I grab another bite and watch her suspiciously, in case she lowers the forcefield and grabs me while I'm not paying attention. It'd be... much less sexy than in my imagination, I'm certain. She sighs and sits down cross-legged, a very difficult position for saurians to get up from quickly. Gradually, I lower myself onto the floor and put my plate in my lap to eat.
"There you go. See? We're not gonna grab you without your permission."
"Oh, yeah?" I say, through a mouthful of chicken. "Then, what, you just let me waltz back through to engineering and hit the self-destruct sequence again?"
"No, obviously not. Jesus, Sarah, you've been living in the fucking vents for weeks now, we've been worried about you! Try and see it from our perspective."
I snort. "You'd like that, wouldn't you?"
She - they - roll their eyes at me. "Look, we know we got off on the wrong foot-"
"Yeah, you should have ominously chanted 'WE HAVE CAKE' instead."
"We were sorting things out! You try speaking out of a dozen mouths for the first time and see how you do!"
We glare at each other across the forcefield for a moment. I break first, looking away as I put my plate down and hug my knees to my chest. I chew on my lip and look back at her - them - and swallow. Their expression softens.
"Look, we know you're scared. Some of us were scared before we joined together, too, but we're all happier, now! We can feel the solar wind on our hull, taste across dozens of tongues, share secrets and intimacy without worrying about everything all the time-"
"So the sex is pretty good, then?" I can't help but needle them, it's the only weapon I've got in my box, now. My leg bounces as I say it, though.
"Oh, it's fantastic, Sarah, like you wouldn't believe." Going for the old genuine-answer defense against embarrassment, I see. My face reddens in response to their sudden, if still glowing, bedroom eyes.
I look away again, hugging my knees even tighter. "This is how you got the others, huh? You give them someone they trust, or look up to, or whatever, promise them the world, then slap them in a contraption and take over their brain?"
"Sarah, please, it's not like that. Yes, we know you had a crush on Grelik" (it's so weird to hear her talk about herself like she isn't there) "so we thought maybe you'd find it easier to talk to this body.
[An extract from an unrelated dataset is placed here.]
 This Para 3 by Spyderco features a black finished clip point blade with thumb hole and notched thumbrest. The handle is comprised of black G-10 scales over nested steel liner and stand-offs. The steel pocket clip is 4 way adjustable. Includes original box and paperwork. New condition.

You'll probably say we're lying, but you know, she had a crush on you, too." She blushes, scales on her cheeks turning a darker crimson, and I realize with a growing blush of my own that it's not her, it's them.
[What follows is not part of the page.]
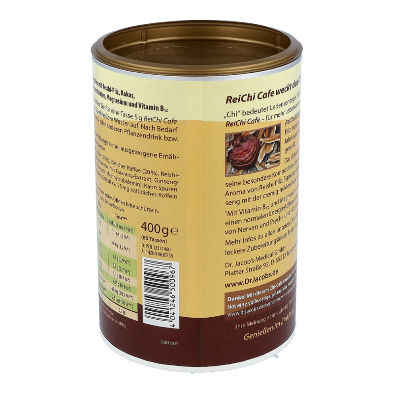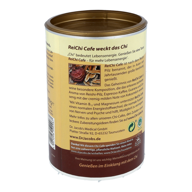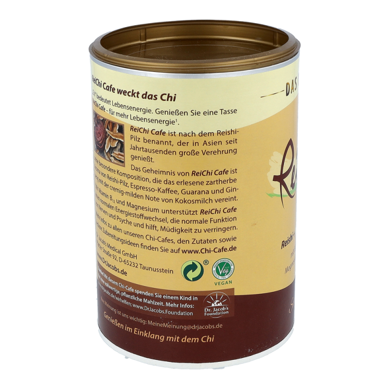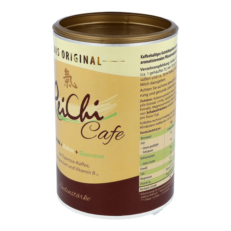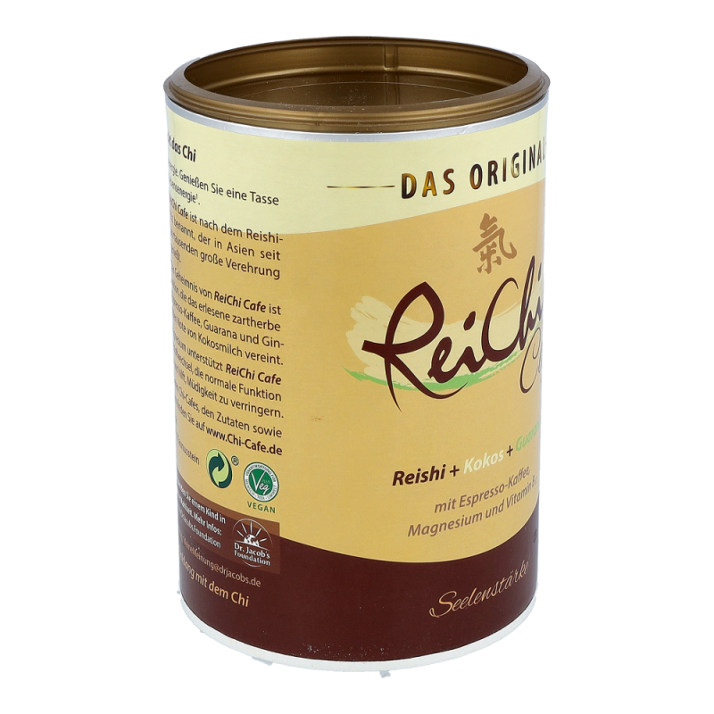 ReiChi Cafe hat seinen Namen vom Reishi-Pilz, der in Asien bereits seit Jahrtausenden große Verehrung genießt. „Chi“ heißt übersetzt Lebenskraft. Erwecken Sie Ihre Lebenskraft* und genießen Sie eine Tasse ReiChi Cafe. Das Besondere an ReiChi Cafe ist seine einzigartige Komposition, die das erlesene zartherbe Aroma von Reishi-Pilz, Ginseng, Guarana und Espresso-Kaffee mit der mild-cremigen Note von Kokosmilch vereint – nur mit hohem Rabatt, denn wir pulverisieren Preise!

"S-so," I try to deflect, "when do you use the matter-transposer and make everyone an identical copy, huh? All one big happy family?"
They give me such a look - disgusted, confused, and maybe a little pitying. "Why would we do that? We like ourselves as we are. Sure, we might get some of us on gender treatments, and we've been thinking about some extra augmentations, but we mean, you've got tattoos, right? It's not like you're a stranger to modifying your body just because you want to. But you wouldn't cut off your left arm and replace it with another right arm just because they're not the same, right?"
I guess that makes sense. I stay quiet for a little bit, thinking about that. "So... what happens now?"
They lean back, putting their hands on the floor. "That's up to you, really. If you want, we could stick you in the contraption," they stick their long, forked tongue out at me, "but we won't do that if you don't want us to. Really. We won't let you blow up the ship, but otherwise you could unlock the hyperdrive and we could keep doing what we've been doing - charting deep space for SFC. Or we could stare at each other across a forcefield for another month until another ship comes looking for us and you could try your luck with them." She pauses. "Of course, there's always the non-contraption option for joining us." They wink at me.
I gulp, throat suddenly dry. Was that implying... I take an unsteady breath. "Can I think about it?"
They stand up, and the forcefield drops. They extend a clawed hand towards me, and I flinch, but they just stand there, hand extended. Gingerly, I take it. "Of course," they say. "Take all the time you like." They pull me up into a tight hug, and whisper into my ear, "but we do hope you'll join us."
It's all too much. Too many emotions in too short a time. I hug them back, and cry into their shoulder as more of them surround me in a big group hug.